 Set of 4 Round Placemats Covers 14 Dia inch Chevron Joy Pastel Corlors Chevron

--

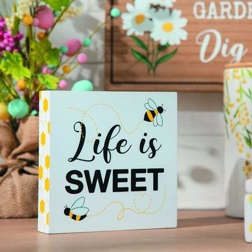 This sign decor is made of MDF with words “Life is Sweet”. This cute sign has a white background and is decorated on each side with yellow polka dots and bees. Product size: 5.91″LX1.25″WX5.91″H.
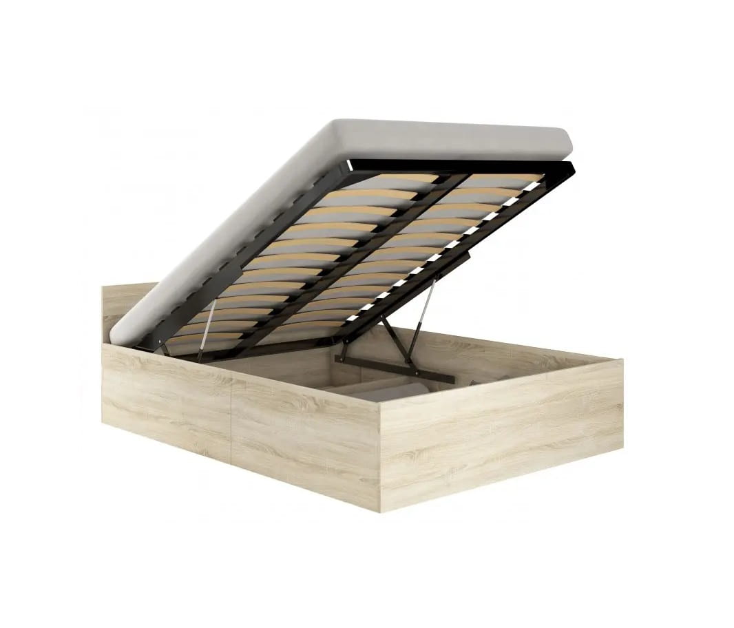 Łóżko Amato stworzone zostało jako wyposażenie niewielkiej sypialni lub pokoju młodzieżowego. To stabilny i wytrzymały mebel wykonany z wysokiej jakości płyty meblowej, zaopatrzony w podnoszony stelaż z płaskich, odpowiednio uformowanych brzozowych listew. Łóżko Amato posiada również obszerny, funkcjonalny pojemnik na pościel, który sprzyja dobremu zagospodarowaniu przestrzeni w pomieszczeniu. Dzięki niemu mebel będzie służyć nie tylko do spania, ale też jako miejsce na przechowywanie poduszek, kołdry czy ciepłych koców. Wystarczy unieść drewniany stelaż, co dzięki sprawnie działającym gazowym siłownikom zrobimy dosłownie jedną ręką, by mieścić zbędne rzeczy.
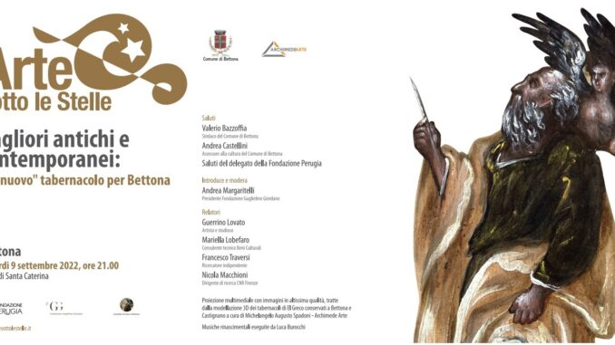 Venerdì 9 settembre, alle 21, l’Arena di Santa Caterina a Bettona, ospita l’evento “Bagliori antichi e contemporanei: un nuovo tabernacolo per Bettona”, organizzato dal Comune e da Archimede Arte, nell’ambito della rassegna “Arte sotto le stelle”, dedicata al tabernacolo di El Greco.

**WHAT IS REQUIRED:** Drop the pictures; return the lines above from the line containing "Łóżko Amato stworzone" to the line containing "Venerdì 9 settembre, alle", both included, exactly.

**EXERCISE ANSWER:**
 Łóżko Amato stworzone zostało jako wyposażenie niewielkiej sypialni lub pokoju młodzieżowego. To stabilny i wytrzymały mebel wykonany z wysokiej jakości płyty meblowej, zaopatrzony w podnoszony stelaż z płaskich, odpowiednio uformowanych brzozowych listew. Łóżko Amato posiada również obszerny, funkcjonalny pojemnik na pościel, który sprzyja dobremu zagospodarowaniu przestrzeni w pomieszczeniu. Dzięki niemu mebel będzie służyć nie tylko do spania, ale też jako miejsce na przechowywanie poduszek, kołdry czy ciepłych koców. Wystarczy unieść drewniany stelaż, co dzięki sprawnie działającym gazowym siłownikom zrobimy dosłownie jedną ręką, by mieścić zbędne rzeczy.
 Venerdì 9 settembre, alle 21, l’Arena di Santa Caterina a Bettona, ospita l’evento “Bagliori antichi e contemporanei: un nuovo tabernacolo per Bettona”, organizzato dal Comune e da Archimede Arte, nell’ambito della rassegna “Arte sotto le stelle”, dedicata al tabernacolo di El Greco.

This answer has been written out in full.